Melodye Benson Rosales

artist

curator

digital designer

illustrator

author

sculptor

and doll creator

I am Melodye Benson Rosales, artist, curator, digital designer, illustrator, author, sculptor, and doll creator

My Story


As a child of parents who worked all of their lives in the entertainment industry, the world of imagination came naturally to this Biracial artist, raised in the African-American culture. Melodye devoted her life to working with children, adolescents and adults to creatively influence their ideas, values and opinions found nestled deep within the multilayered history of the African Diaspora.

Storytelling through both language and visual arts has been a rewarding career. One of Melodye's more noted award-winning illustrative works - the original Addy; An American Girl (Pleasant Co.) brought attention to her talents, but also awakened her sense of social justice. After Ms. Rowland (Pleasant Co. CEO) wanted all of her American Girl heroines to be cookie-cut-outs from the same experiences, sans era, location and ethnicity, Melodye realized her creative influences would have to expand outside of the comforts of mainstream children's publishing.

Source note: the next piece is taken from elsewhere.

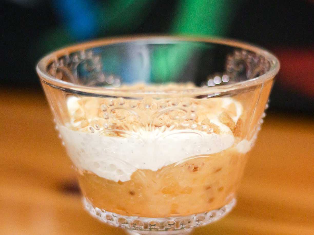 Karamellkokta päron med vispad färskost och krispiga jordärtskockor

Children must not only read historical accuracy in literature, but they must see art and illustrations as their window into the world, especially when that visual reference may be the only opportunity to connect with individuals who do not live next door—or in the came social circles.

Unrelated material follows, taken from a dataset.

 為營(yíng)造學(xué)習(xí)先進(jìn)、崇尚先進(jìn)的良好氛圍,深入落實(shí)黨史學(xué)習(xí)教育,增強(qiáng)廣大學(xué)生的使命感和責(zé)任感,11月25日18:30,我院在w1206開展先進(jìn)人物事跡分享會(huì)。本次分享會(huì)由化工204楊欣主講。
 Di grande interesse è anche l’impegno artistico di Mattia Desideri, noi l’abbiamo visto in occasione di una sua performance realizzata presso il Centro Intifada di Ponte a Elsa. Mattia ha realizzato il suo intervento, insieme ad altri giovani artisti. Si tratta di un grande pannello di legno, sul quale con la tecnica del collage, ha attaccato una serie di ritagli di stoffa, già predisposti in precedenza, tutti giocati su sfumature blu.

Driven by a global sense for the one degree of separation theory, Melodye has refocused her creative objectives to incorporate what she terms, underdeveloped groups within society. This includes, but is not limited to, incarcerated communities; gang members and other inner-city groups, families; urban, rural and impoverished communities; low literacy learners, ESL, and immigrant families; first generation families from a different country, as well as those whose offspring are first to graduate high school or college.

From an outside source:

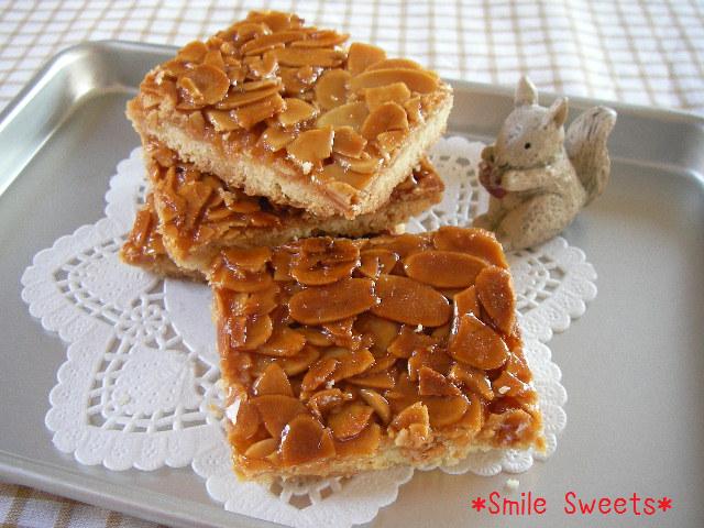 キャラメルとアーモンドスライスがからまったのが、クッキーと合わさってるお菓子!

For the world we live in, it is important to bring all of these images into intellectual discourse, using art as the root by which we grow inquisitive minds and breed a social consciousness that effectively serves humanity. After studying art at the University of Illinois at Urbana-Champaign, The School of the Art Institute of Chicago and Columbia College, Melodye lived in Barcelona, traveling throughout Europe and Northern Africa, as well as spending time as an author/illustrator-in-residence at Jakarta International Schools (Indonesia).


During her 35 years in publishing, serving on boards such as Literacy Chicago and reading educational grants for the Illinois Arts Council, developing a 501(c) 3 United Foundation for Arts & Technology (UFAT), Melodye found the time and energy to raise a family, with two of her three children extending that family into families of their own. "I continue to live a rich and colorful life", she says, "...and always viewing that life through the social justice spectrum I continually draw creative energy from."